In this exercise we will implement a simple two-dimensional model to simulate the population dynamics of a population of a resistant weed. The model simulates the germination of plants and dispersal of seeds over a specified area and time frame. It tracks the location of each seed and whether it has germinated or not, allowing for the visualization of the spatial distribution and growth over time that reveal hotspots of resistant weeds in the soil seed bank. The model will have the following assumptions:

# Import modules
import time
import numpy as np
import pandas as pd
import matplotlib.pyplot as plt
from IPython.display import clear_output
# Model parameters
years = 25 # number of years
seeds_per_plant = 5 # viable seeds per plant
germination_rate = 0.05  # fraction of seeds that germinate
seed_bank = 5  # initial resistant seeds
dispersion_distance = 50  # dispersion distance from parent plant
x_max = 1000 # meters
y_max = 1000 # meters
# Random seed for reproducibility
np.random.seed(3)

# Define initial seed bank
x = np.random.random(seed_bank) * x_max # Random X coordinates
y = np.random.random(seed_bank) * y_max # Random Y coordinates
germinated = np.zeros(seed_bank, dtype=bool)

# Create figure to visualize initial seeds
plt.figure(figsize=(6,6))
plt.title(f'Iteration: 0')
plt.scatter(x, y, s=1, marker='.', color='grey', label='Seed bank')
plt.xlabel('X coordinate (m)')
plt.ylabel('Y coordinate (m)')
plt.xlim([-10, x_max+10])
plt.ylim([-10, y_max+10])
plt.text(450,950,f"Resistant weeds in seed bank: {seed_bank}")
plt.legend(loc='upper right', bbox_to_anchor=(1.4,1))
plt.show()

# Random seed for reproducibility
np.random.seed(1)

for t in range(years):
    
    clear_output(wait=True)
    plt.figure(figsize=(6,6))
    plt.title(f'Year: {t+1}')
    plt.xlabel('X coordinate (m)')
    plt.ylabel('Y coordinate (m)')
    plt.xlim([-100, x_max+100])
    plt.ylim([-100, y_max+100])
    
    # Plot entire seed bank
    plt.scatter(x, y, s=1, marker='.', color='grey', label='Seed bank')
    
    # Select seeds that germinate into plants
    seed_bank = x.shape[0] # Get updated number of seeds in the soil bank
    N_germinated = int(np.minimum(np.ceil(seed_bank * germination_rate), 100))
    idx_germinated = np.random.choice(range(seed_bank), N_germinated, replace=False)
    germinated[idx_germinated] = True
    plt.scatter(x[idx_germinated], y[idx_germinated], 
                marker='.', color='red', label='Germinated')
    
   
    # Generate new seeds for resistant plants one plant at the time
    x_new = np.array([])
    y_new = np.array([])
    germinated_new = np.array([], dtype=bool)
    
    for k in idx_germinated:
            
        # Generate coordinates for all new seeds for current plant
        x_new_plant = x[k] + dispersion_distance * np.random.randn(seeds_per_plant)
        y_new_plant = y[k] + dispersion_distance * np.random.randn(seeds_per_plant)
        germinated_new_plant = np.zeros(seeds_per_plant, dtype=bool)

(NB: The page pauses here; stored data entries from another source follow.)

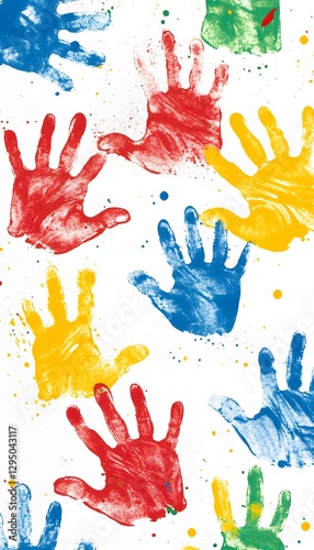 Colorful handprints adorn a white backdrop in joyful disarray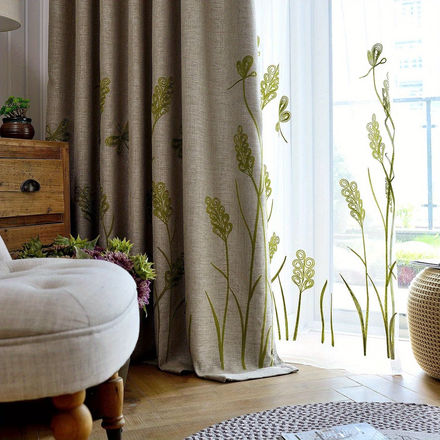 1 panel Wheat Embroidery Grommet Linen Curtains Room Darkening Noise Reducing Curtain for Bedroom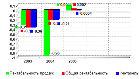 Рис. 8 Показатели рентабельности вложения (%) Рентабельность собственных средств также невысока, но в течении 2004 года она увеличилась с минус 0,15% до минус 0,0004%, хотя все ещё имеет отрицательный результат. Динамика этого показателя позволяет сделать вывод о том, что инвестиции собственных средств в производство дали недостаточно хороший результат. Рентабельность перманентного капитала и его динамика аналогичны рентабельности собственных средств, в виду отсутствия долгосрочных заёмных средств. В целом можно отметить, что все показатели рентабельности вложений предприятия находятся на низком уровне, что говорит о недостаточно эффективном вложении средств рассматриваемого предприятия. Вывод: Балансовая прибыль данного предприятия в 2005 году (+5 тыс. руб.) существенно увеличилась по сравнению с 2004 годом (-390 тыс. руб.) на 395 тыс. руб. Её увеличению способствовало: увеличение прибыли от финансово-хозяйственной деятельности, в основном за счёт статьи дохода «Проценты к получению» и увеличение выручки от реализации услуг. Снижению балансовой прибыли способствовало уменьшение доходов от внереализационных операций в сумме 1449 тыс. руб. Таким образом, факторы, уменьшающие балансовую прибыль, по сумме были перекрыты действием увеличивающих её факторов, что в итоге и позволило улучшить балансовую прибыль с минус 390 тыс. руб. в 2004г до + 5 тыс. руб. в 2005г. После уплаты налога на прибыль (в размере 6 тыс. руб.) с прибыли в сумме всего 5 тыс. руб. и уплаты штрафов и пени убыток Почтамта за 2005 год составил 106 тыс. руб. В целом все показатели прибыли и рентабельности в отчётном году возросли, что положительно характеризует деятельность Почтамта в 2005 году (относительно 2004 года). Факторный анализ рентабельности Для факторного анализа рентабельности используются 3 основные показатели рентабельности: 1. Анализ рентабельности производственной деятельности 2. Анализ рентабельности по каждому виду продукции 3. Анализ рентабельности продаж 1. Рассмотрим Анализ рентабельности производственной деятельности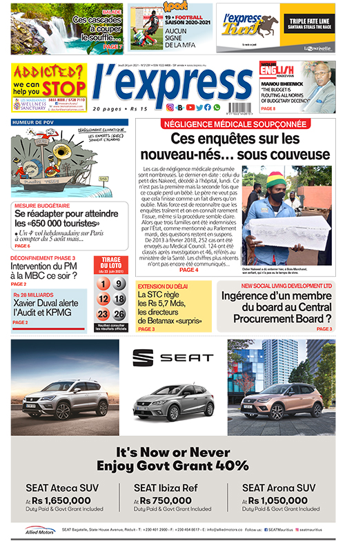 En une de l'express: Négligence médicale soupçonnée : Ces enquêtes sur les nouveau-nés… sous couveuse; Autre titre: Extension du délai : La STC règle les Rs 5,7 Mds, les directeurs de Betamax «surpris».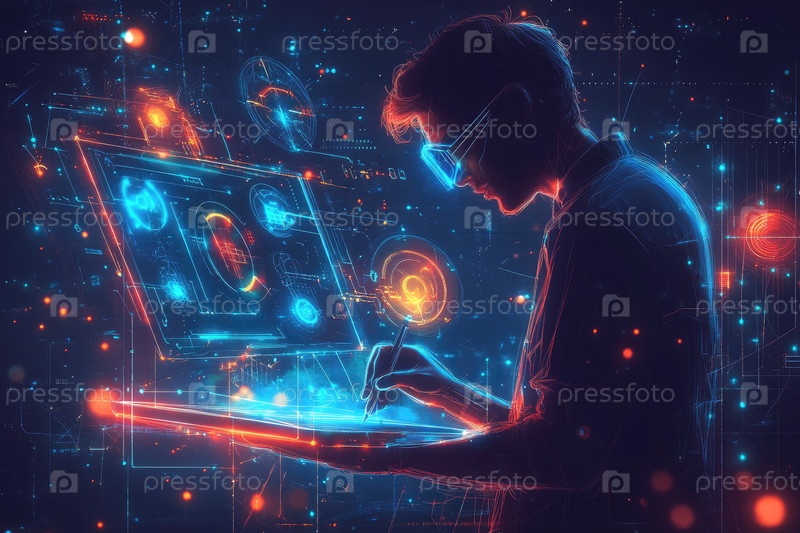 Дизайнер Metaverse создает виртуальные объекты на светящемся цифровом планшете со светлыми следами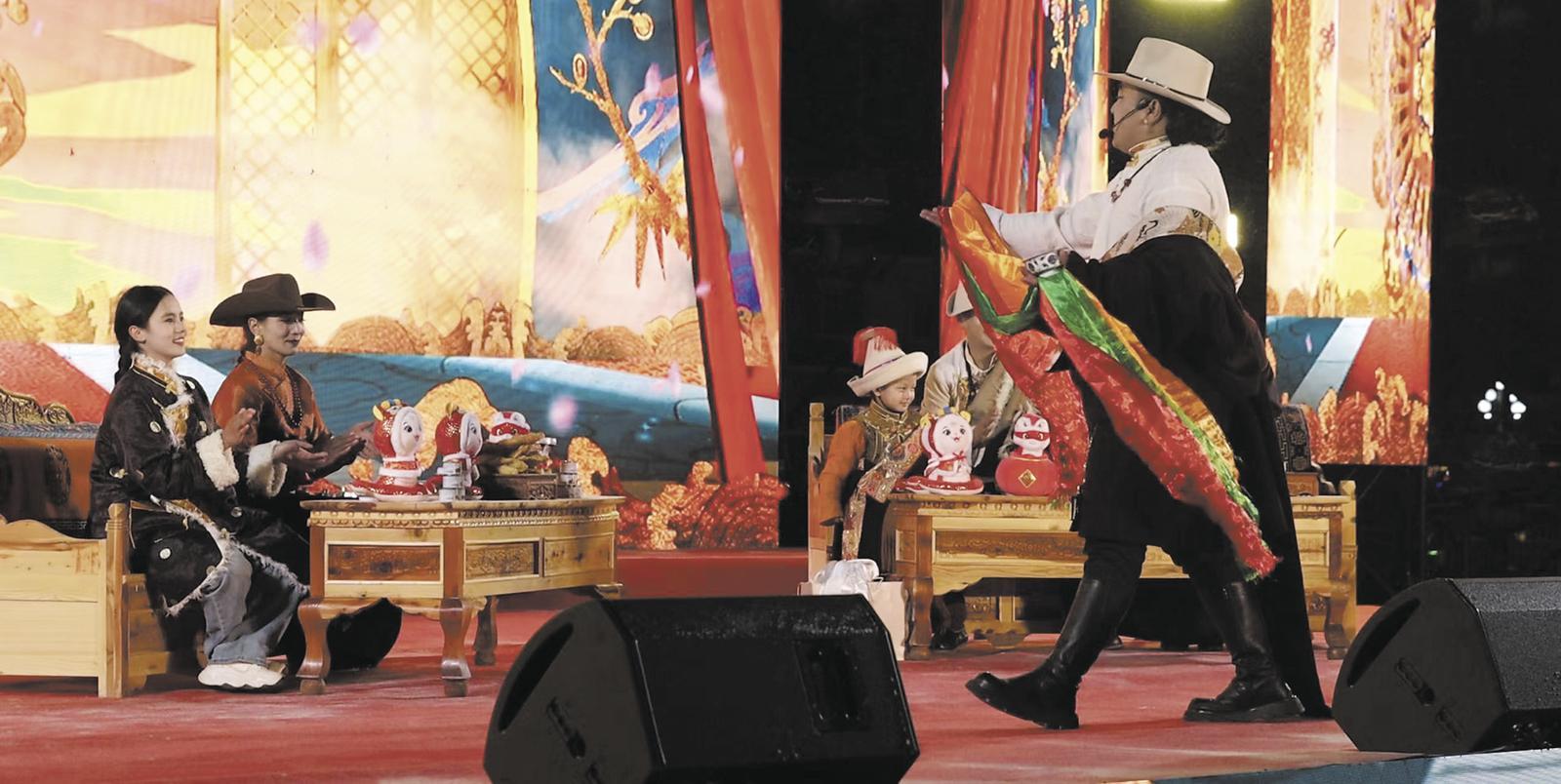 “今天是個吉祥的日子,我們歡聚一堂,舉起吉祥的美酒……”藏語歌曲《吉祥的日子》拉開了“村晚”的序幕。悠揚的骨笛、蕩氣回腸的扎木聶交織著歡快的鼓點響徹舞臺,藏族小伙兒、姑娘們表演的舞蹈《頌祥和》,一上場便掀起高潮,引得掌聲、喝彩聲不斷。

        # Append new seeds to array storing all new seeds
        x_new = np.concatenate( (x_new, x_new_plant) )
        y_new = np.concatenate( (y_new, y_new_plant) )
        germinated_new = np.concatenate( (germinated_new, germinated_new_plant) )

    # Remove germinated seeds from seed bank
    x = np.delete(x, idx_germinated)
    y = np.delete(y, idx_germinated)
    germinated = np.delete(germinated, idx_germinated)

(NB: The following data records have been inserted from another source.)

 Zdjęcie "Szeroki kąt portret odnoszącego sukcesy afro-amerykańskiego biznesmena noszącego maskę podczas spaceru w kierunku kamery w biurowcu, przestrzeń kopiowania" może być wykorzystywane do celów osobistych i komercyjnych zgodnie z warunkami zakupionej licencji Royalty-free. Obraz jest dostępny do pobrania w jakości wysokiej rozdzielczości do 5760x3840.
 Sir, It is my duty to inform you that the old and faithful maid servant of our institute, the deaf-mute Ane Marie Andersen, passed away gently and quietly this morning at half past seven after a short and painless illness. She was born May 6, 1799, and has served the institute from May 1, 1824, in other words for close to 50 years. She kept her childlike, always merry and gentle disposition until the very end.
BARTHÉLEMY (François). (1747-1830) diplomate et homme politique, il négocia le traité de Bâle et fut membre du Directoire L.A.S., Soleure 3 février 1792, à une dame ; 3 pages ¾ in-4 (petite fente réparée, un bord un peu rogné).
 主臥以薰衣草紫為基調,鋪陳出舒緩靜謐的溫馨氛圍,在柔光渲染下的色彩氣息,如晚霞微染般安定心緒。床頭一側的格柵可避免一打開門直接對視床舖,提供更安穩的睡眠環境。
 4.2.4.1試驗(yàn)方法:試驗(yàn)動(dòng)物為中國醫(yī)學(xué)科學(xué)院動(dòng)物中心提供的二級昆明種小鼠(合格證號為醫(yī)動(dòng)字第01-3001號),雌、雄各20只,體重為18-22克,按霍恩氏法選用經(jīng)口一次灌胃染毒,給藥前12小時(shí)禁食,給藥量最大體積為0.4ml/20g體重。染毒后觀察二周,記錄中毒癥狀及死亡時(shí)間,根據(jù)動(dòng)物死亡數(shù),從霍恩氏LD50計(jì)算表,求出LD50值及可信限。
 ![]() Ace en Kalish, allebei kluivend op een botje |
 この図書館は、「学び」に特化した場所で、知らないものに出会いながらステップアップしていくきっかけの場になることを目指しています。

    # Append new seeds to seed bank
    x = np.concatenate( (x, x_new) )
    y = np.concatenate( (y, y_new) )
    germinated = np.concatenate( (germinated, germinated_new) )
    # Render figure
    plt.text(0,1050,f"Resistant weeds in seed bank: {seed_bank}")
    plt.legend(loc='upper right', bbox_to_anchor=(1.4,1))
    plt.show()
    
    time.sleep(0.5)

References

Holst, N., Rasmussen, I.A. and Bastiaans, L., 2007. Field weed population dynamics: a review of model approaches and applications. Weed Research, 47(1), pp.1-14.

Trucco, F., Jeschke, M.R., Rayburn, A.L. and Tranel, P.J., 2005. Amaranthus hybridus can be pollinated frequently by A. tuberculatus under field conditions. Heredity, 94(1), pp.64-70.